We perform an analysis on a set of repeated scans of 26 healthy subjects acquired at approximately 2 weeks, 1 year and 2 years of age. Four of the subjects had suboptimal DTI scans at 1 year that were removed, but their scans for other time points and modalities were included. The images include T1W, T2W and DTI. We apply the unbiased atlas building framework [8] to the set of T2W images at 1 year to obtain spatial mappings between each subject through the estimated atlas. Intra-subject registration was performed by IRTK software.1 All time points of each subject are registered to this atlas via linear and nonlinear transformations, first by mapping these images to the year 1 scan and then cascading the two transformations for a mapping to the atlas. Tensor maps are calculated for each DTI scan, and are registered to the atlas using transformations obtained by registering the DTI baseline (B0) images to T2W images. T1W images were normalized using intensity value of fatty tissue between the skull and skin. For T2W, the csf region of ventricles was used for normalization. Fractional anisotropy features from the registered tensors were used for the joint analysis between DTI and structural MRI.

We analyze growth trajectories in white and gray matter anatomical regions, using atlases developed and disseminated by Mori et al. [9] and Harvard Center for Morphometric Analysis2. Figure 1 shows the right posterior thalamic radiation (PTR) overlaid on longitudinal T1W, T2W and FA image of one subject, along with the population and individual trajectories estimated using our multivariate nonlinear mixed effect model. PTR includes optic radiation and it is one of the white matter tracts that matures early [10]. There is a rapid change in T1W and T2W in the first year followed by slower maturation during second year.

Fig. 1.

Fig. 1

Co-registered multi-modal MRI data are shown on the left. Left to Right: Images taken at two weeks, 1 year and 2 years. Top to Bottom: T1W, T2W and FA. Posterior thalamic radiation is shown as red label on the images. Population and individual growth trajectories for this region is shown to the right. Thick curves are the average growth trajectories for normalized T1W, T2W and FA.

Figure 2 show the population trends and confidence intervals for white matter regions of interest. This includes the body of corpus callosum (BCC) that is known to have a very limited myelination at birth, whereas Posterior limb of internal capsule (PLIC) is known to be one of the regions that shows early myelination. This pattern is evident as PLIC has a higher FA and T1W values, with lower T2W values compared to BCC and superior longitudinal fasciculus (SLF).
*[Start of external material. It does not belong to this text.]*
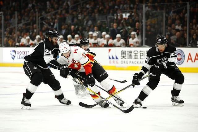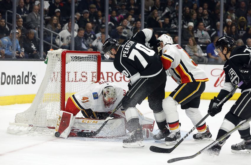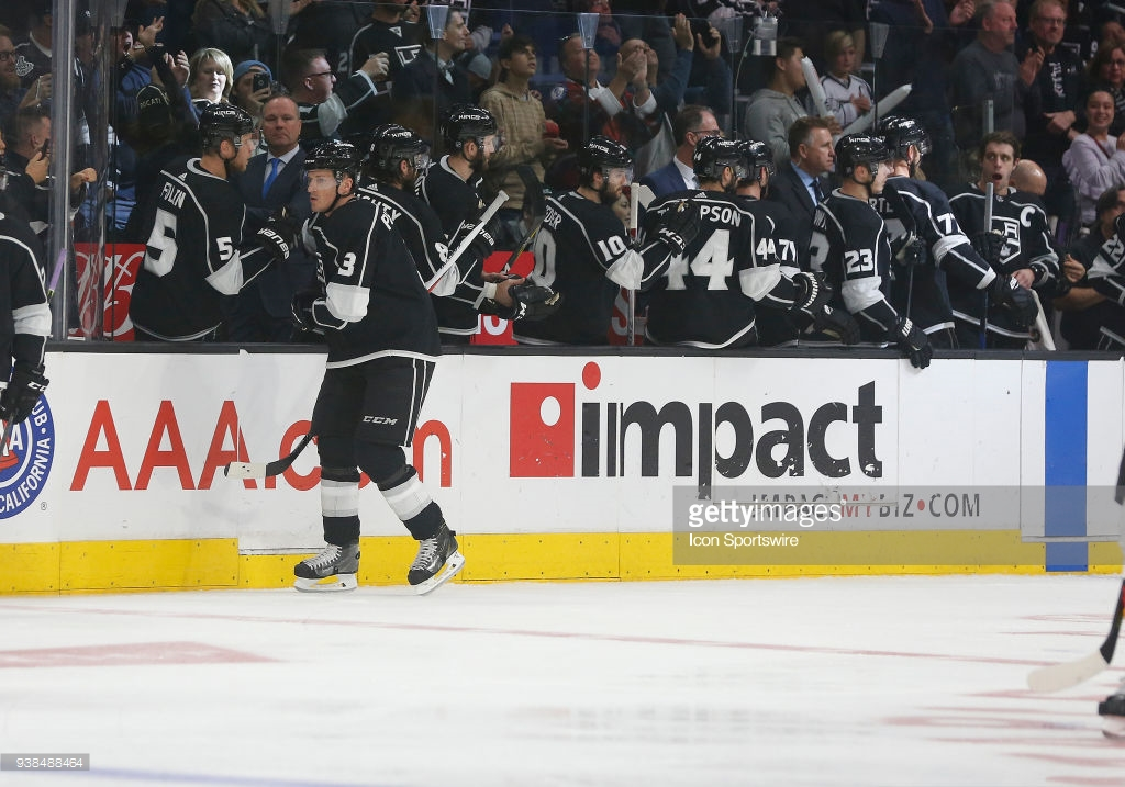 Thankfully, in the ways that count, the Kings won the second period. It took a few minutes to get in sync, but when a power play opportunity presented itself 3:59 in, it took literally 5 seconds for Adrian Kempe to win the faceoff, snap the puck back to Dion Phaneuf, and for him to slap it all the way Into the back of the net. Hooray for not giving up the first goal! And hooray for capitalizing on a power play! It set the tone for the period, where the Kings dominated play for most of the time, and the Flames responded by trying to smash them into oblivion. By the end of the second period they had outhit the Kings 22-7, but the Kings outscored them 2-0. The second goal came once again on the power play; 1:02 into an Alec Martinez penalty (who otherwise played phenomenally) 93 took his third penalty of the game giving the Kings 58 seconds after the 4-on-4. They only needed 32. Kopitar took Phaneuf’s pass (again, some beautiful power play puck movement) and thanks to a Brown screen was able to blast it by Smith. 2-0 felt so much better than 1-0, let me tell you! Phaneuf was one fight away from a Gordie Howe hat trick (and by the way things were going after the whistles, it seemed like only a matter of time). Kopitar reached his season high record of 34 goals, and with 54 assists his 88 points will give him more than a point per game average. Martinez, who was all over the ice, flipped a guy over a hunched Quick when he threatened Quick after the play. It came after Jake Muzzin headed back down the tunnel and was confirmed out of the game with an upper-body injury.

However, BCC and SLF show a quick maturation during first year, specially in T2W.

Fig. 2.

Fig. 2

Population growth trajectories (bold) and confidence intervals (light). From top to bottom: Body of Corpus Callosum (BCC), Posterior Limb of Internal Capsule (PLIC), and Superior Longitudinal Fasciculus (SLF). Bold curves are the average growth trajectories for normalized T1W (red), T2W (green) and FA (blue), while the 95% confidence interval of the curves are shown as shaded regions. Light color curves show the 95% predicted intervals for each region.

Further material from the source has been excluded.